### Input records
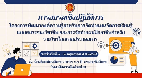 วันพฤหัสบดีที่ 1 พฤษภาคม 2568 วิทยาลัยสารพัดช่างน่าน ดำเนินการ "อบรมเชิงปฏิบัติการโครงการพัฒนาองค์ความรู้สำหรับการจัดทำแผนการจัดการเรียนรู้แบบสมรรถนะวิชาชีพ และการจัดทำแผนการฝึกอาชีพรายวิชาในสถานประกอบการ" ณ ห้องโสตทัศนศึกษา อาคาร 60 ปี กรมอาชีวศึกษา วิทยาลัยสารพัดช่างน่าน
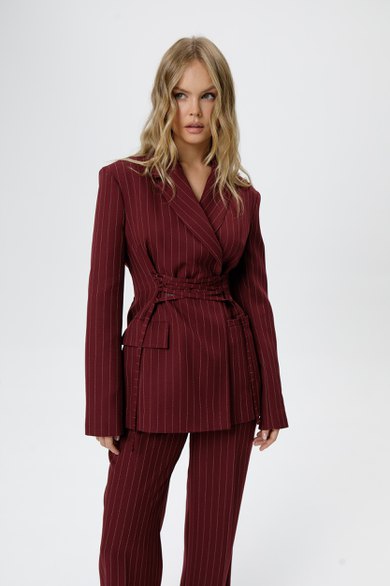 Жакет со шнуровкой из текстильной ткани в полоску. Детали: жакет полуприлегающего силуэта, расширенные плечи, рельефы, пиджачный воротник, застежка на две петли и пуговицы, функциональные карманы, жакет на подкладке. Жакет также можно зашнуровать по бокам.
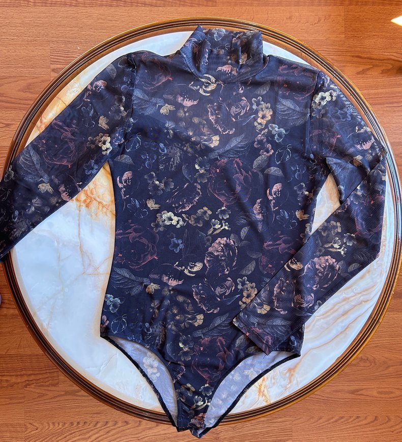 Yarım boğazlı ve uzun kollu bu lacivert bluz, vintage desenlere sahip. Sıkı kesimli, midi uzunlukta ve yumuşak sentetik transparan kumaştan üretilmiştir. Alt kısmı çıtçıtlı body
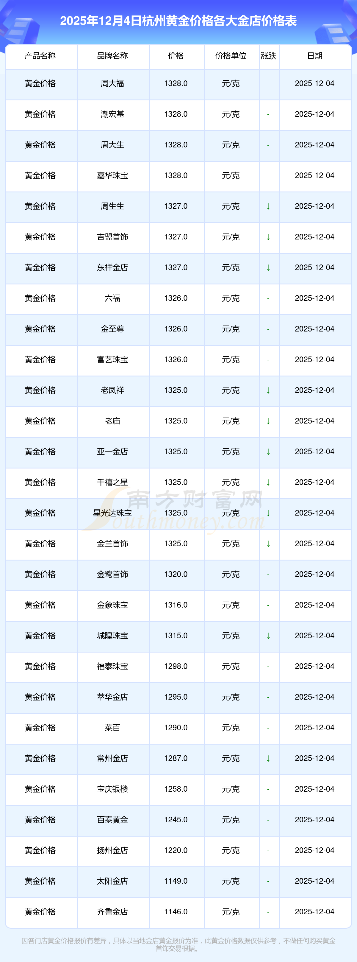 2025年12月4日杭州各大金店黃金價格最新價格:周大福1328.0元/克,周大福671.0元/克,周大福1328.0元/克,周大福46730.0,周大福19260.0,周大福42160.0,周大福1165.0元/克,老鳳祥1325.0元/克,老鳳祥600.0元/克,老鳳祥1325.0元/克,六福1326.0元/克。
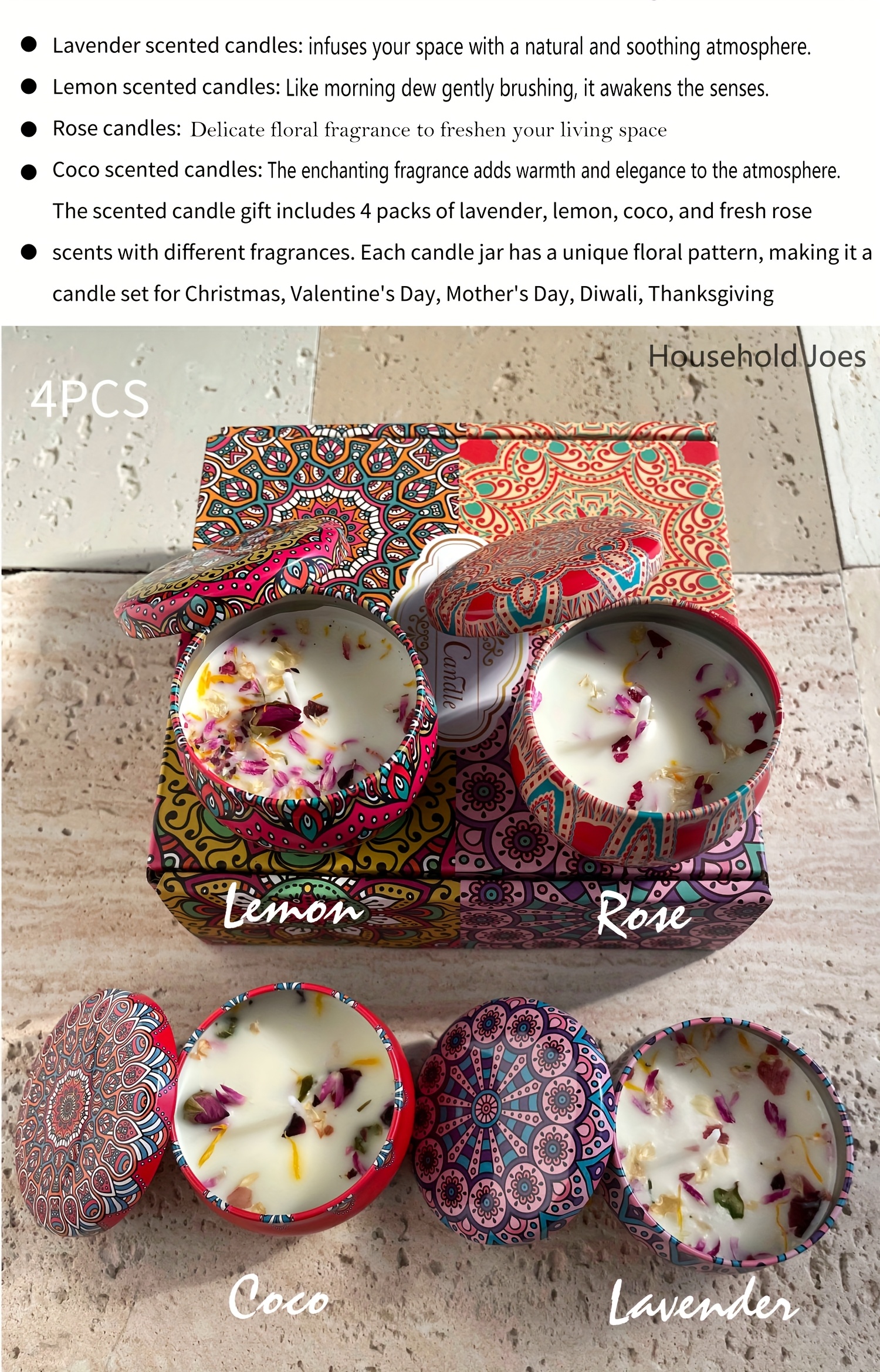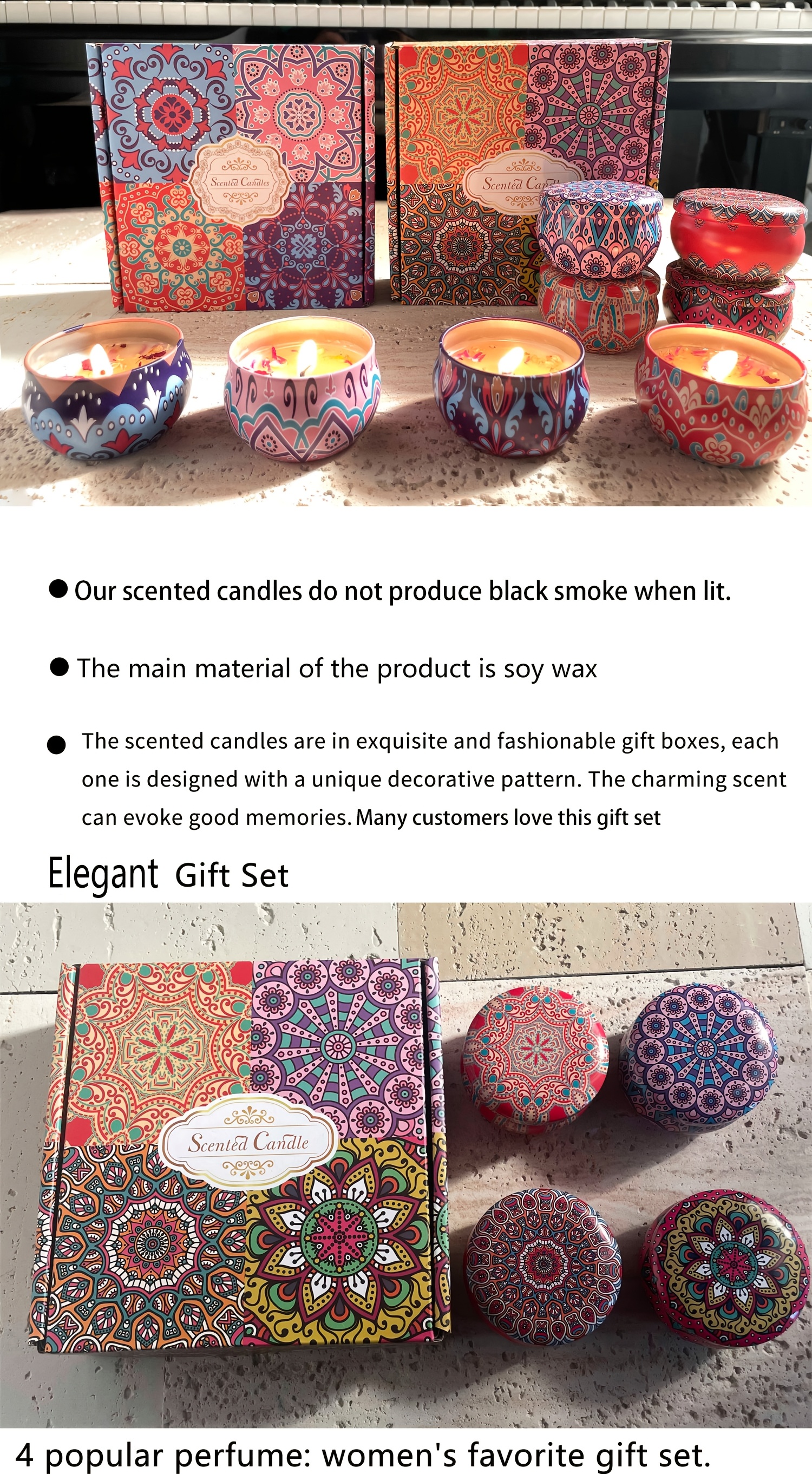 1pc Or 4pcs Bohemian Mandala Style Scented Candles Gift Set for Women, Featuring Four Different Fragrances. Ideal for Women'S Birthdays, Valentine'S Day, Weddings, Anniversaries, Mother'S Day, Thanksgiving And Other Holiday Gifts. Suitable for Spa
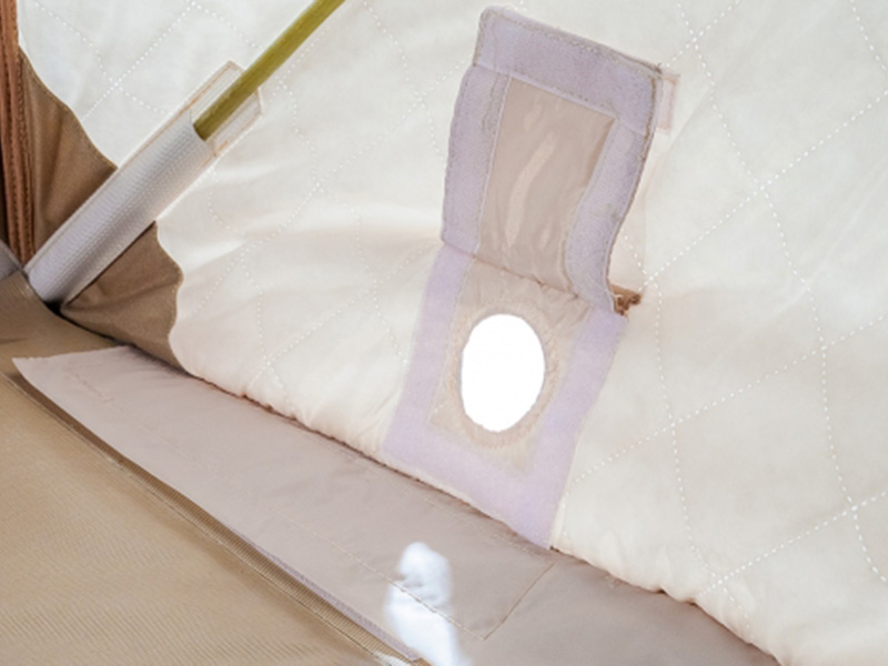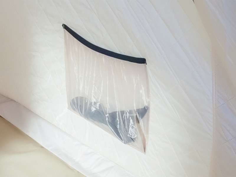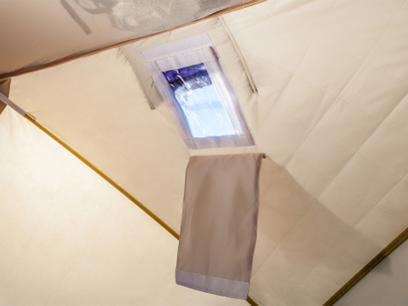 Палатка оснащена отстегивающимися клапанами для притока свежего воздуха. Окна также оснащены съемными прозрачными клапанами, благодаря чему можно регулировать и настраивать вентиляцию.
######
Assigned task: Omit the pictures, then repeat exactly each line from the beginning of the listing through the line with "2025年12月4日杭州各大".

Result of the exercise:
 วันพฤหัสบดีที่ 1 พฤษภาคม 2568 วิทยาลัยสารพัดช่างน่าน ดำเนินการ "อบรมเชิงปฏิบัติการโครงการพัฒนาองค์ความรู้สำหรับการจัดทำแผนการจัดการเรียนรู้แบบสมรรถนะวิชาชีพ และการจัดทำแผนการฝึกอาชีพรายวิชาในสถานประกอบการ" ณ ห้องโสตทัศนศึกษา อาคาร 60 ปี กรมอาชีวศึกษา วิทยาลัยสารพัดช่างน่าน
 Жакет со шнуровкой из текстильной ткани в полоску. Детали: жакет полуприлегающего силуэта, расширенные плечи, рельефы, пиджачный воротник, застежка на две петли и пуговицы, функциональные карманы, жакет на подкладке. Жакет также можно зашнуровать по бокам.
 Yarım boğazlı ve uzun kollu bu lacivert bluz, vintage desenlere sahip. Sıkı kesimli, midi uzunlukta ve yumuşak sentetik transparan kumaştan üretilmiştir. Alt kısmı çıtçıtlı body
 2025年12月4日杭州各大金店黃金價格最新價格:周大福1328.0元/克,周大福671.0元/克,周大福1328.0元/克,周大福46730.0,周大福19260.0,周大福42160.0,周大福1165.0元/克,老鳳祥1325.0元/克,老鳳祥600.0元/克,老鳳祥1325.0元/克,六福1326.0元/克。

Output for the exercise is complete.